Your goal:
Could you set down exactly the lines of the data below, starting at the one that holds "Wagen 241 der" and ending at the one that holds "VivaPharm Micelární voda", both included, and only those?

Study material:

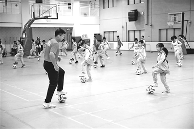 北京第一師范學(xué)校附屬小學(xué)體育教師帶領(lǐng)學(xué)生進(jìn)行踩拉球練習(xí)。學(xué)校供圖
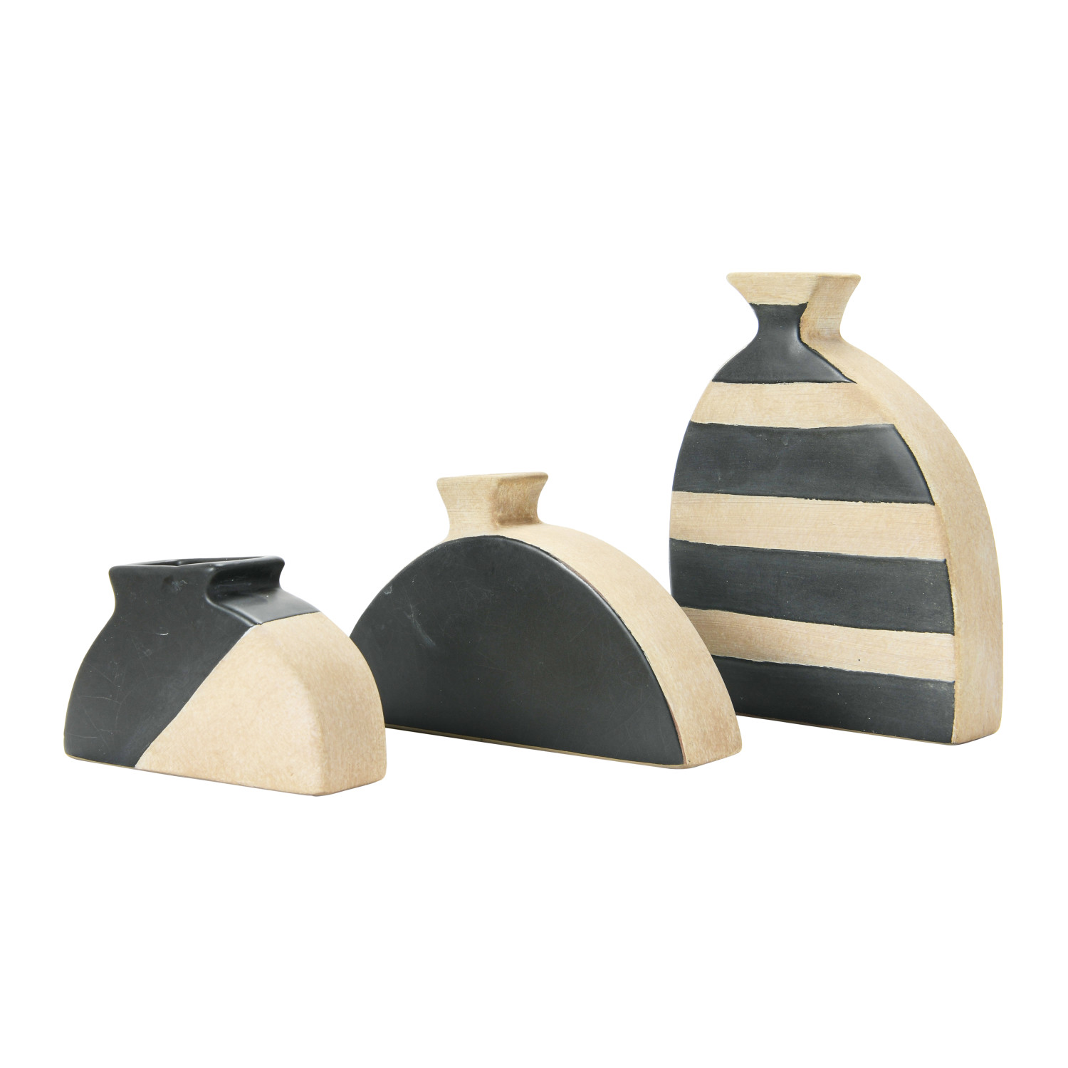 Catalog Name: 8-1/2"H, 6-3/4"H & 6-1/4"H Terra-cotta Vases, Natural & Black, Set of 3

==

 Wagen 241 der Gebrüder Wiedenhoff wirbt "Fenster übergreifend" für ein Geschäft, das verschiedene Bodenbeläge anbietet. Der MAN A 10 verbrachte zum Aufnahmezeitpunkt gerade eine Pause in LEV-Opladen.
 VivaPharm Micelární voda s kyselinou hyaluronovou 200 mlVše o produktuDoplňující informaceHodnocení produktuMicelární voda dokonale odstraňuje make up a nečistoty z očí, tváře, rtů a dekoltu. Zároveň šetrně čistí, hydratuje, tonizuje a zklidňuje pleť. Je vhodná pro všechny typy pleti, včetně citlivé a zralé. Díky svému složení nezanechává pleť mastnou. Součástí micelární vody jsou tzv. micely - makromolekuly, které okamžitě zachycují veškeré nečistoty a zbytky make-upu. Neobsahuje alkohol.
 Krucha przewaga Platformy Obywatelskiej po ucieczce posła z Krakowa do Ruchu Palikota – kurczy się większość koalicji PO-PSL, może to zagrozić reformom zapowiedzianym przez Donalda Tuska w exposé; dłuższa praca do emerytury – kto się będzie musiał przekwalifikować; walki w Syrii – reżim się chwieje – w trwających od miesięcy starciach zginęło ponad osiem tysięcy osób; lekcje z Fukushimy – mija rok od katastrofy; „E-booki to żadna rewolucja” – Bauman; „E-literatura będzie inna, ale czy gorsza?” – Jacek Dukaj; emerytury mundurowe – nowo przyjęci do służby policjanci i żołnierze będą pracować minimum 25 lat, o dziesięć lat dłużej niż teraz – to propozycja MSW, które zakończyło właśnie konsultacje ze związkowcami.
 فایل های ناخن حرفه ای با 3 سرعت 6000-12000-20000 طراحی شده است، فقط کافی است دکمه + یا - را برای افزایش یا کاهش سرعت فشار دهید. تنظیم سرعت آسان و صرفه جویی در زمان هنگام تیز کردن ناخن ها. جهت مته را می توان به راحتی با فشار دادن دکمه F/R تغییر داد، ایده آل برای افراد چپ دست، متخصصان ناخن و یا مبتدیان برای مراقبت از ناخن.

==

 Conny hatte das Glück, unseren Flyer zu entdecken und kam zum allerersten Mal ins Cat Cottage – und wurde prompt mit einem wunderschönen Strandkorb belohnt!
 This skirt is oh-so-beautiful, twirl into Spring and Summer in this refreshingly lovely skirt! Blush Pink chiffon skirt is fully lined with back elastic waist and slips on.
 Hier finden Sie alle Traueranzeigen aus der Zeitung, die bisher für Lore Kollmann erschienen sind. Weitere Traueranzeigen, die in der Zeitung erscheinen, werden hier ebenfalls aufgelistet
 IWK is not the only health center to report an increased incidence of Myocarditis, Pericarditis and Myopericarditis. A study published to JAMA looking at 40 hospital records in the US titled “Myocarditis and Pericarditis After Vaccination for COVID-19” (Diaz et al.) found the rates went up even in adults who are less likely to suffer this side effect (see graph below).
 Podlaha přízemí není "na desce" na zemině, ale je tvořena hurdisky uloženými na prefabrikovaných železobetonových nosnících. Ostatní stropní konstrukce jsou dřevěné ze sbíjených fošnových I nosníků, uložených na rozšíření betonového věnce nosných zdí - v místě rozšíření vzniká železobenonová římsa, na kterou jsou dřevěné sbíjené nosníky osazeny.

Result below:
 Wagen 241 der Gebrüder Wiedenhoff wirbt "Fenster übergreifend" für ein Geschäft, das verschiedene Bodenbeläge anbietet. Der MAN A 10 verbrachte zum Aufnahmezeitpunkt gerade eine Pause in LEV-Opladen.
 VivaPharm Micelární voda s kyselinou hyaluronovou 200 mlVše o produktuDoplňující informaceHodnocení produktuMicelární voda dokonale odstraňuje make up a nečistoty z očí, tváře, rtů a dekoltu. Zároveň šetrně čistí, hydratuje, tonizuje a zklidňuje pleť. Je vhodná pro všechny typy pleti, včetně citlivé a zralé. Díky svému složení nezanechává pleť mastnou. Součástí micelární vody jsou tzv. micely - makromolekuly, které okamžitě zachycují veškeré nečistoty a zbytky make-upu. Neobsahuje alkohol.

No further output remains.